_YOUR GOAL:_
Every picture should be left out, but the lines below must be repeated exactly.

_SUPPLIED DATA:_
☆ ☆ ☆ ☆
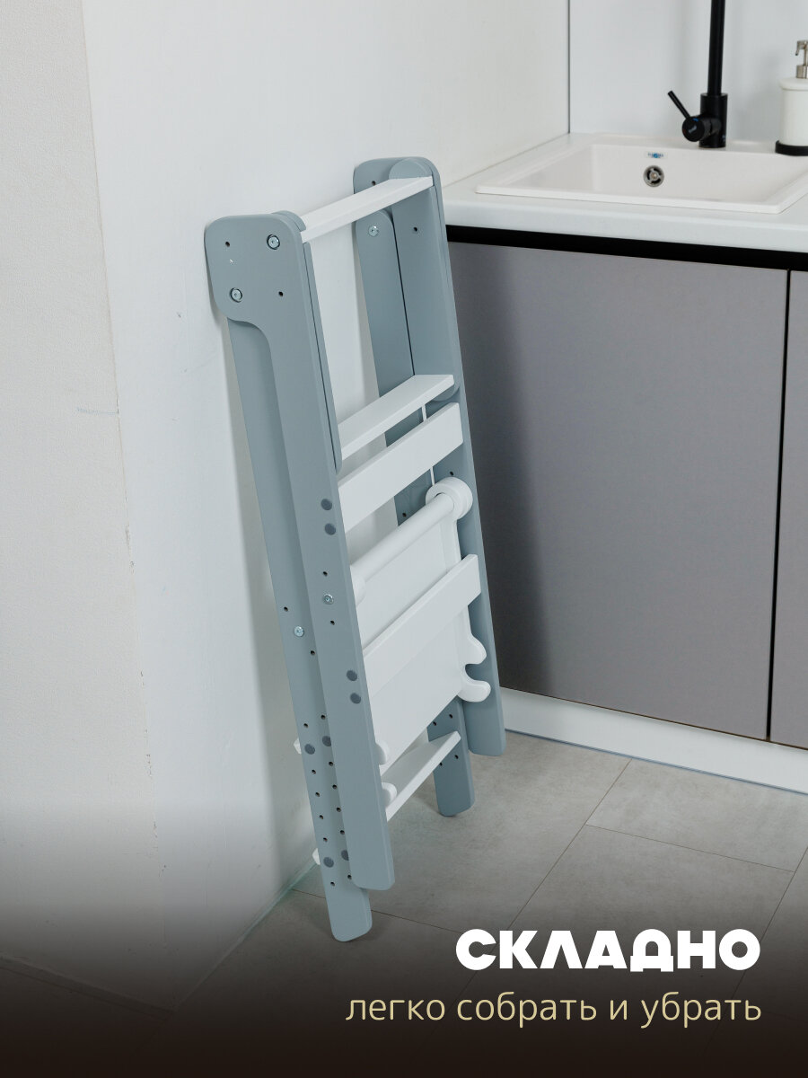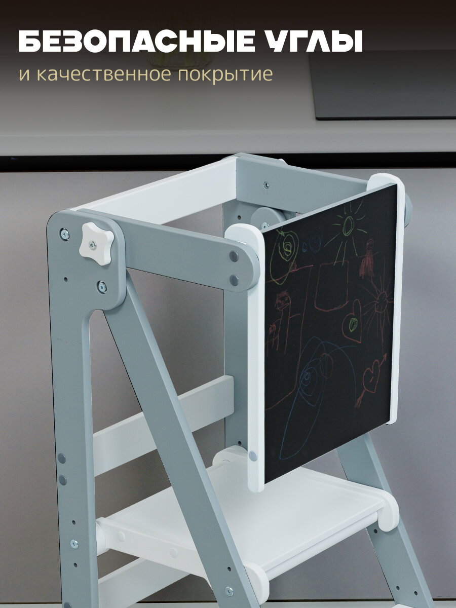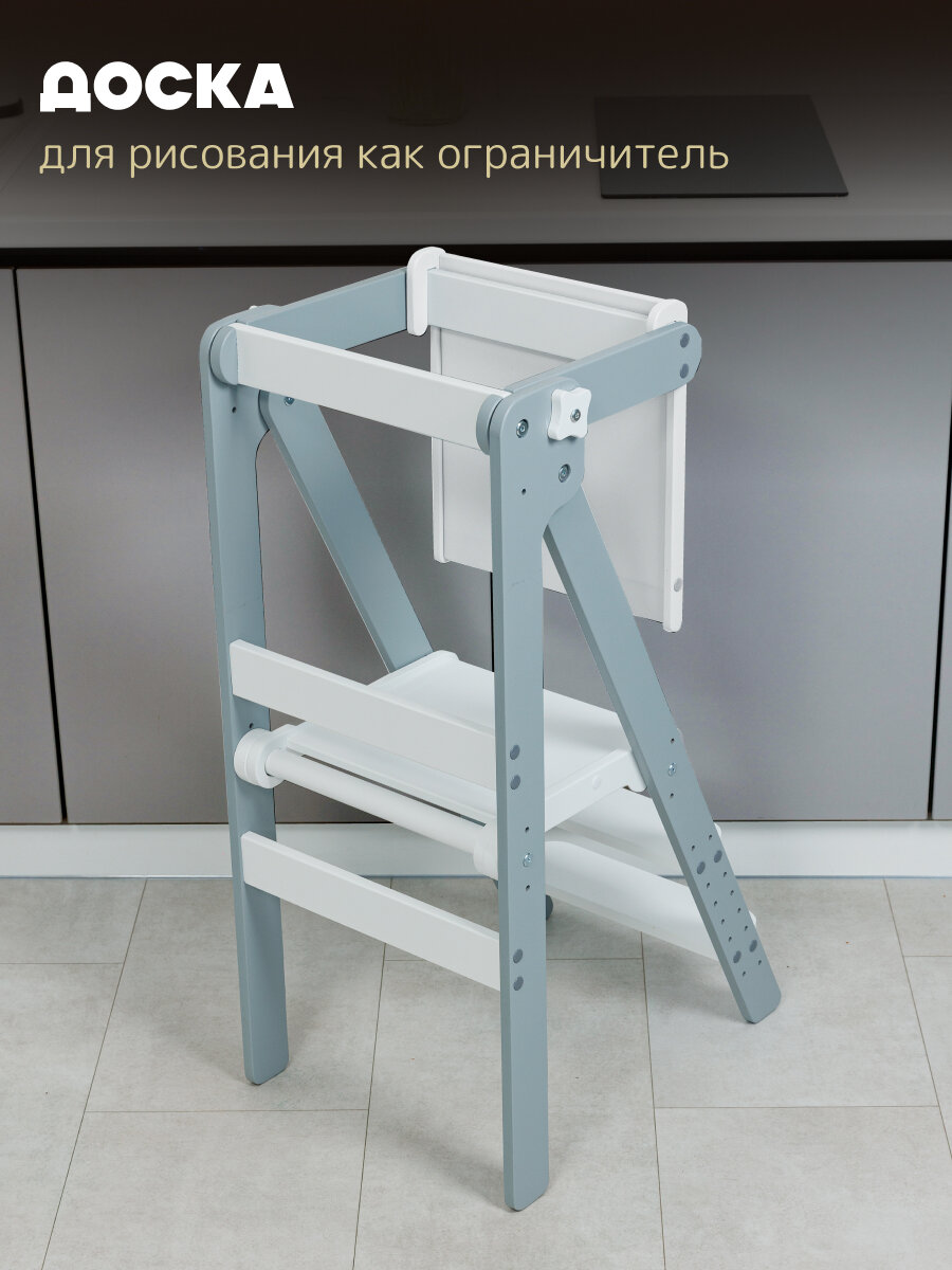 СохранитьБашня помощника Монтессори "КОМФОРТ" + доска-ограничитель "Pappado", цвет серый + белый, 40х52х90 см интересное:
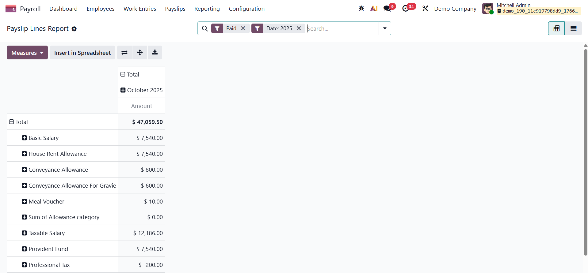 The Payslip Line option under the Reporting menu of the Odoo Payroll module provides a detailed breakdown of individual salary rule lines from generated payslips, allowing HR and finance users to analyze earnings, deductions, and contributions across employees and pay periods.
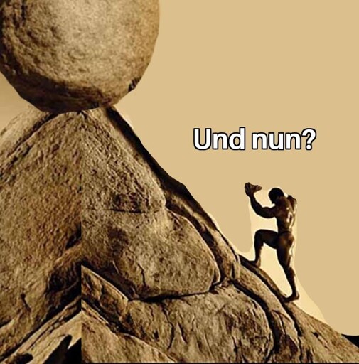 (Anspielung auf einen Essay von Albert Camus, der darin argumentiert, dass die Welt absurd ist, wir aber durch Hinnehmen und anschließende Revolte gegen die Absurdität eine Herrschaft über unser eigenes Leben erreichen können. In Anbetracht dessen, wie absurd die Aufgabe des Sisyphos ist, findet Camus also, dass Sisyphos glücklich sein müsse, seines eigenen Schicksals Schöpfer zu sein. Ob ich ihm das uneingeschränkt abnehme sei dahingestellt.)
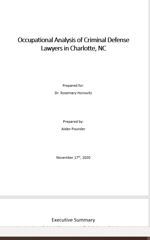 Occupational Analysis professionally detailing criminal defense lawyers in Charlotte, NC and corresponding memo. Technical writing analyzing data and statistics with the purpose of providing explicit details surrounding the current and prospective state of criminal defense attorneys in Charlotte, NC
☆ ☆ ☆ ☆
_TASK OUTPUT:_
 СохранитьБашня помощника Монтессори "КОМФОРТ" + доска-ограничитель "Pappado", цвет серый + белый, 40х52х90 см интересное:
 The Payslip Line option under the Reporting menu of the Odoo Payroll module provides a detailed breakdown of individual salary rule lines from generated payslips, allowing HR and finance users to analyze earnings, deductions, and contributions across employees and pay periods.
 (Anspielung auf einen Essay von Albert Camus, der darin argumentiert, dass die Welt absurd ist, wir aber durch Hinnehmen und anschließende Revolte gegen die Absurdität eine Herrschaft über unser eigenes Leben erreichen können. In Anbetracht dessen, wie absurd die Aufgabe des Sisyphos ist, findet Camus also, dass Sisyphos glücklich sein müsse, seines eigenen Schicksals Schöpfer zu sein. Ob ich ihm das uneingeschränkt abnehme sei dahingestellt.)
 Occupational Analysis professionally detailing criminal defense lawyers in Charlotte, NC and corresponding memo. Technical writing analyzing data and statistics with the purpose of providing explicit details surrounding the current and prospective state of criminal defense attorneys in Charlotte, NC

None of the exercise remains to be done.